= Elma Miller =

Canadian musician, composer, writer and educator

Elma Miller (born August 6, 1954) is a Canadian musician, composer, writer and educator.

== Biography ==

=== Education ===
Miller was born in 1954 in Toronto, Ontario. In 1977, she received a BMus and MMus from the University of Toronto. During that time, she studied composition under Walter Buczynski, John Beckwith, Lothar Klein, John Weinzweig and Bogusław Schaeffer. Miller studied piano with Elaine Keillor from 1975 to 1978, and electronic/computer music with Gustav Ciamaga, Bill Buxton, John Chowning and Leland Smith. She also studied aesthetics with Geoffrey Payzant and media with Marshall McLuhan.

=== Compositions ===
In 1979, Miller moved to Hamilton. There, she composes chamber music, music for full orchestra, electronic music and vocal music. From 1976 to 1978, she taught clarinet, theory, counterpoint, orchestration, and 20th century analysis at Toronto University, as well as working as a lecturer and library technician at the university. She was artistic director for the contemporary chamber music series "Music Here & Now". Miller is of Estonian descent, and she has incorporated musical and thematic elements from that heritage into her work. Miller has also found inspiration from astronomy, archaeology, Buddhist meditation and ecology. She has composed works for various musical groups including the Hamilton Philharmonic Orchestra, the Saskatoon Symphony Orchestra and the pianist Elaine Keillor.

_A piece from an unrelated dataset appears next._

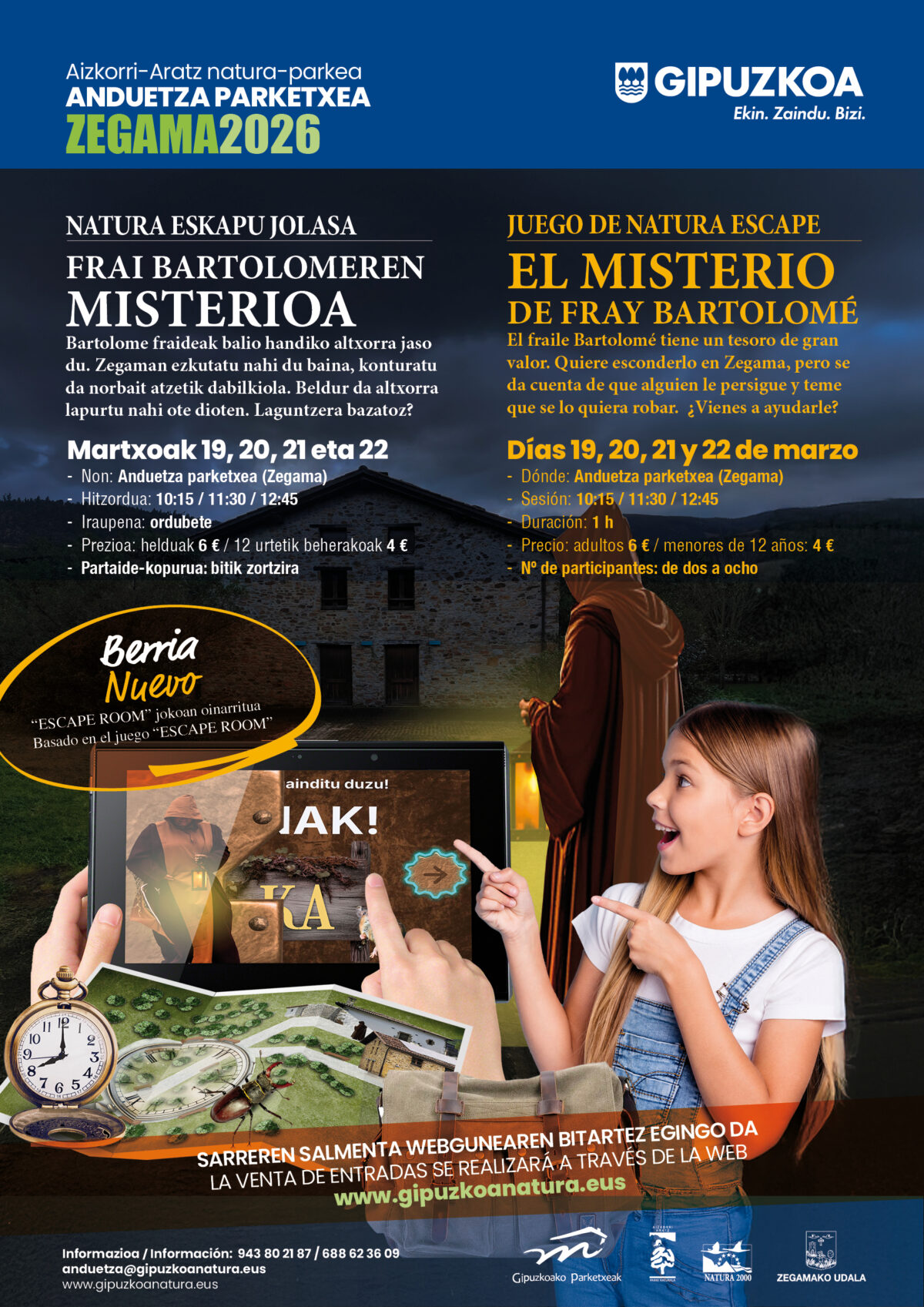 Martxoaren 19an, 20an, 21ean eta 22an, 10:15ean, 11:30ean eta 12:45ean, Frai Bartolomeren misterioa ihes jolasa naturan egingo dute Zegamako Anduetza parketxean, Escape room jokoan oinarrituta.

Her works have been performed in Canada and internationally.

Below is a non-comprehensive list of Miller's compositions.

| Title | Date | Instrumentation |
|---|---|---|
| Margarita | 1979-1980 | Chamber Ensemble |
| Kriss Kringle's wolka paltz | 1977 | Flute, viola, trombone, and percussion |
| Things are not what they appear | 1981 | 4 French horns |
| Le phenix | 1980 | Trombone and marimba |
| The dachshund | 1975 | Voice and piano |
| Farce | 1979 | Concrete tape |
| Pink champagne | 1976 | Electric tape |
| Vinderdi vaenderdi | 1975 | Clarinet and French horn |
| Chick | 1977 | 3 percussion |
| Jabberwocky | 1980 | Baritone, piano |

=== Awards ===
In 1980, Miller won the Swedish Els Kaljot-Vaarman prize for chamber music. In 1981, she won the Sir Ernest MacMillan Award (bronze) by the Composers, Authors and Publishers Association of Canada for her orchestral composition Genesis. In 1997, she received honourable mention in the R. Murray Schafer International competition for Music and Play for her composition Butterfly Garden. She also won an Estonian cultural committee in Canada award, as well as an Estonian orchestral award in 1975.